- 1 kg. large prawns
- 2 large red shallots (thinly sliced)
- 1 lemongrass (thinly sliced on the white part only)
- 3 fresh kaffir lime leaves (coarsely torn)
- 2 tbsp. roughly chopped fresh galangal
- 12 button mushrooms (thinly sliced)
- 36 wonton skins
- 6 cups of water (for tom yum stock)
- 2 liters of water (for cook prawn wonton)
- Chili powder (optional)
- Lettuce, chili, lemongrass, kaffir lime leaves, lime, coriander and spring onion for garnishing
- 4 tbsp. Valcom Authentic Thai Tom Yum Soup Paste
- 6 tbsp. lime juice
- 4 tbsp. chili jam (Chili Paste with Soya Bean Oil)
- 250ml. evaporate milk
- Separate 12 large prawns, peel them but keep the tails attached. Put all peel shells and heads into a large bowl. Then devein all 12 prawns and put into another small bowl and keep them in the fridge.
- Peel and take all the tails off from the remaining prawns and put all shells and heads in the same bowl as the first lot. Then devein all prawns and put them in the bowl.
- Transfer all clean prawns from step two into a mortar then pound it with pestle into a rough paste. Scoop the prawn paste into the bowl and keep them in the fridge.
- Making the tom yum stock - bring 6 cups of water to the boil and add all prawn shells and heads then add red shallots, lemongrass, kaffir lime leaves and galangal.

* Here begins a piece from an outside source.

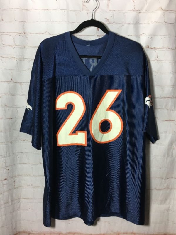 Football jersey, pullover, short sleeves, v-neck, Denver Broncos, #26 Portis, screen printed logos on both sleeves/large number full front/full back name & number, NFL, navy blue/white/orange, size XL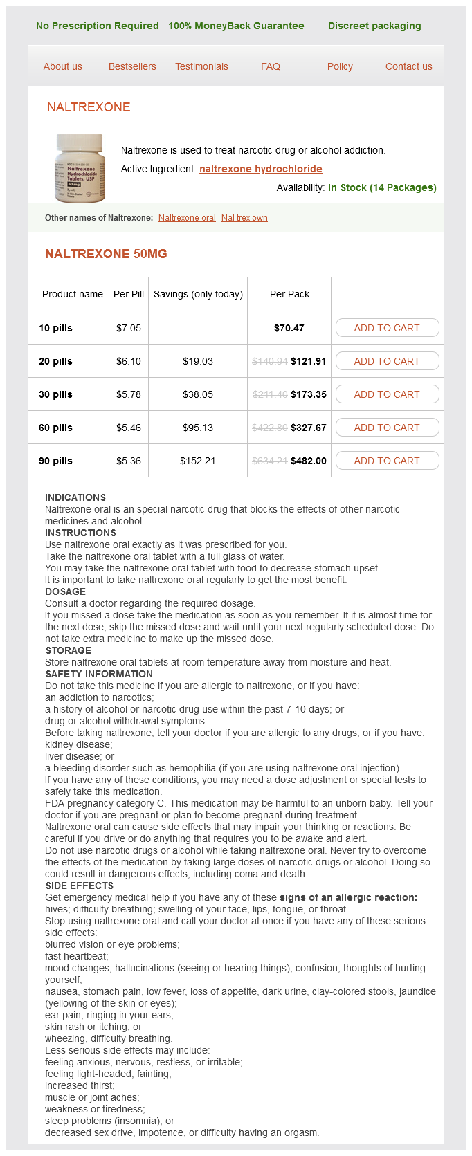 Naltrexone packs: 10 pills, 20 pills, 30 pills, 60 pills, 90 pills

Let the water boil and simmer gently for about 10-12 minutes.
- Then pour all prawn stock into a colander with another pot under them. Use a big soup ladle to press all prawn shells and heads until all liquid gets into the pot.
- Put the prawn tom yum stock back to the gas top and turn the gas on high heat.
- Add all seasoning ingredients into the stock pot and mix all ingredients until combined and adjust the flavor to suit your liking. Let the stock boil and turn the gas off.
- Wonton wrapping: separate the wonton skin and put the prawn paste about 1 full teaspoon into one wonton skin each time. Then moisten the rim of wonton skin with a little bit of water and fold the skin in half to join and close the rim together. You can make any shape and design you like. Put the complete wonton filling on the plate and continue doing until the filling is finished.
- Serving time, turn the gas on for tom yum stock pot and keep it simmering while waiting to cook wonton. Then put 2 liters of water into another large pot and put on the gas and let it boil.
- Cook all prawns with the tails on in the boiling water for about 40-60 seconds then take all prawns out and put them on the plate.
- Let water boil again then cook wonton by putting one wonton at a time to prevent them sticking together. Cook 6-8 wontons each time wait until wonton floats to the surface then scoop them into the individual bowl (6 wontons per serve – total 6 serving for this recipe). Repeat the wonton cooking process until the wonton wrap is finished.
- Increase the gas heat on tom yum soup pot and let it boil then add all mushrooms into the pot. Pour hot tom yum soup and cooked mushrooms into individual bowls and top up with 2 cooked prawns per bowl and garnish before serving.
- Add chili powder as desired and enjoy prawn wonton tom yum soup.